Ottawa has a reasonable number of unrestricted free agents to consider as July approaches. The list consists of Wade Redden, Cory Stillman, Chris Kelly, Randy Robitaille, Martin Lapointe, Shean Donovan, Mike Commodore, Luke Richardson, Matt Carkner, and Niko Dimitrakos.
1. Wade Redden
With his 31st birthday around the corner, the Saskatchewan native has a cloud floating around his head. He is the make or break decision of Ottawa's free agent season this year, and he is very much aware of this fact.
Redden put up 32 assists and 38 points this season, and he also had an +11 rating.
It all seems reasonable, until you notice Redden was the highest paid Senator this season. Reasonable isn't worth $6.5 million a year.
Constant disappearing acts also plagued his season. It would take more than one or two good games to overshadow the five consecutive bad game streaks he consistently posted. Inconsistency appeared to be Redden's trademark.
The Senators cannot afford to move forward paying Redden almost 15 percent of their cap room. It's nothing personal against Redden—he has given Ottawa 11 excellent seasons of character and contribution.
The deciding factor in deciding to resign Redden or let him go is simply money. Redden isn't worth the money, and he has lost his reliability somewhere in his wallet, crushed under all his unearned money.
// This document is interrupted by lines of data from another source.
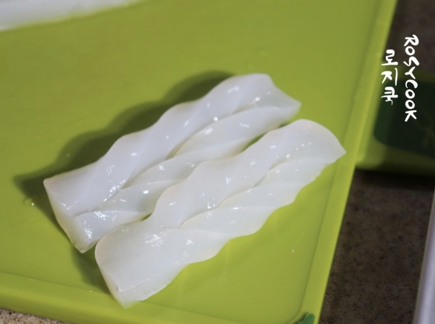 칼집을 내서 꽈배기 모양으로 만들면 양념도 잘 배고 예쁘기까지 해요. 이 과정이 귀찮다면 큐브 썰기 해서 조려주셔도 됩니다.
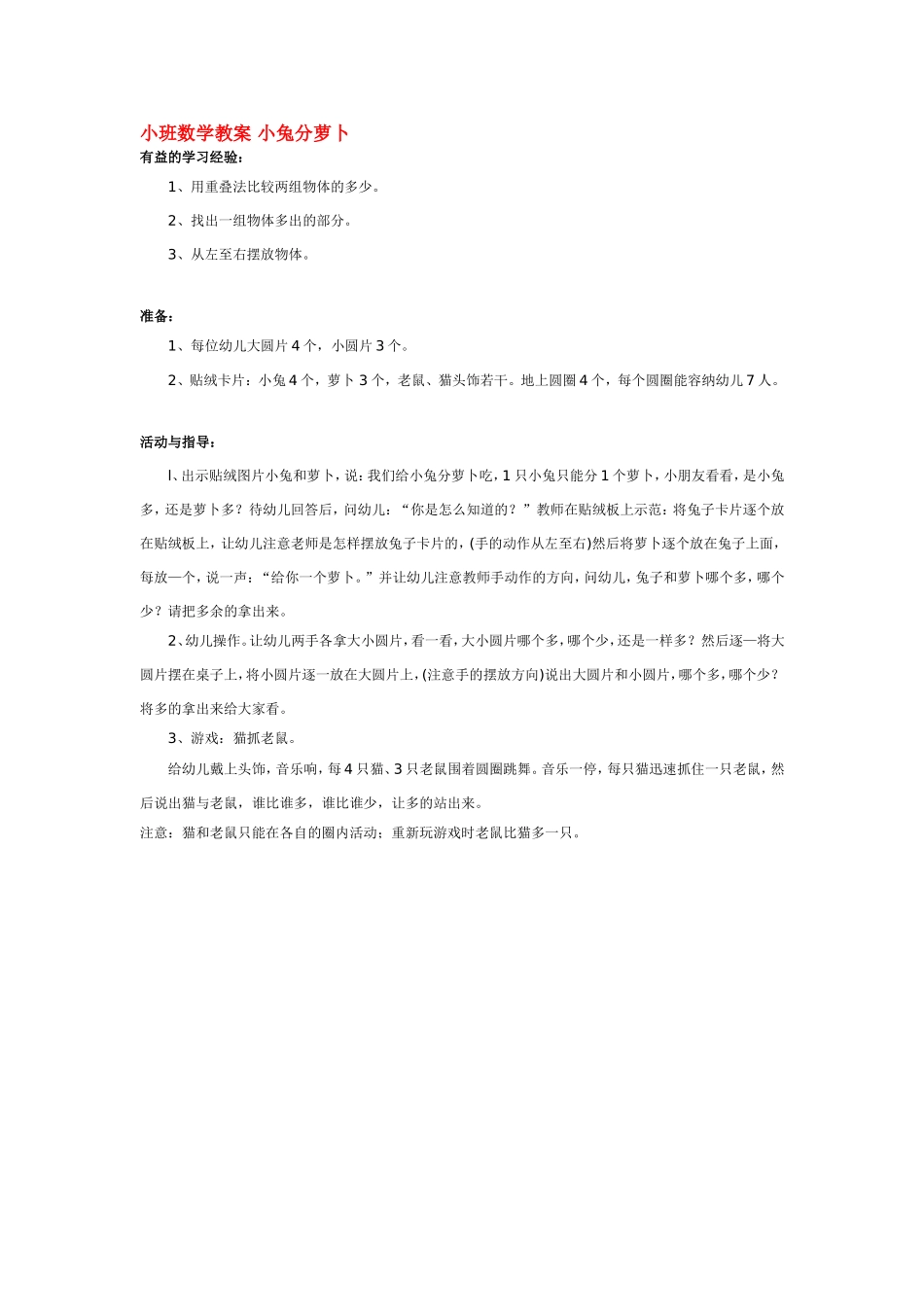 小班数学教案小兔分萝卜有益的学习经验:1、用重叠法比较两组物体的多少。2、找出一组物体多出的部分。3、从左至右摆放物体。准备:1、每位幼儿大圆片4个,小圆片3个。2、贴绒卡片:小兔4个,萝卜3个,老鼠、猫头...
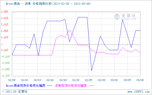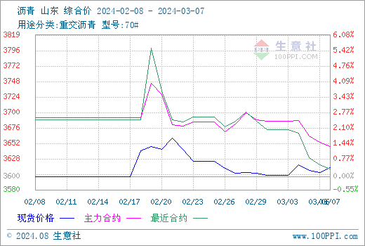 沥青主力合约2406开盘于3660元/吨,geny据生意社商人格情判辨体系,3月1日至8日,山东区域沥青价钱自3603元/吨上涨至3605元/吨,涨幅0.04%,环比上涨0.12%,同比下跌9.01%。如今沥青资源供应程度相对低位,沥青刚需回暖有限,南方局部区域受降雨气象影响,需求凡是出货放缓,局部炼厂库存压力较大,沥青商场合座商场交投氛围偏弱。
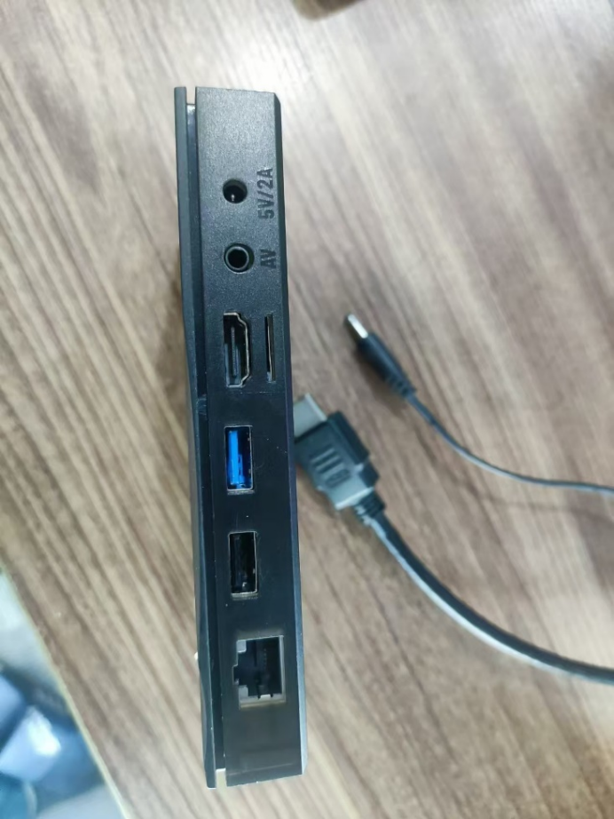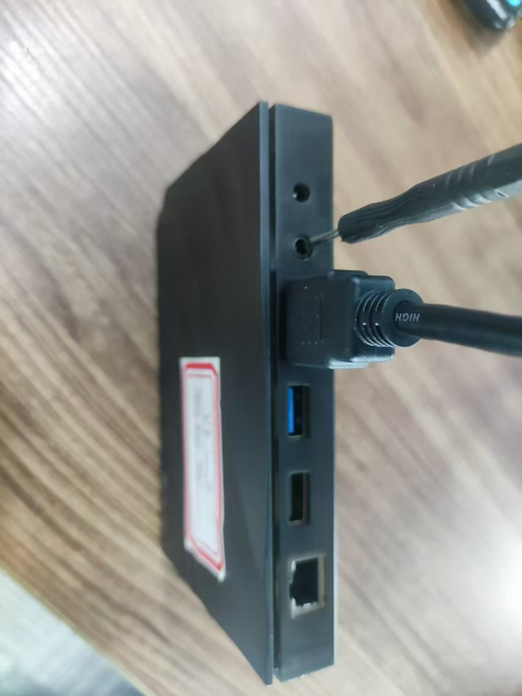 1、First, connect the HDMI cable and use the pin to press and hold the reset button on the AV interface.

Thanks for the memories Wade, but you've gotta go.
2. Cory Stillman
He is a champion of hockey through and through. Two consecutive Stanley Cup rings never looked bad on a resume.
However, it seems Stillman has lost some of the good luck charm appeal. First, missing the playoffs with Carolina last season, and now being swept in the first round with Ottawa.
You can't argue with his numbers, especially when you consider what Ottawa is used to on the second line. Three goals and 16 assists in 24 games with the Senators is certainly worth considering.
Stillman also did good power play work with the Senators. Although he only had the one point, he created chances, and the power play of the team was weak overall to begin with.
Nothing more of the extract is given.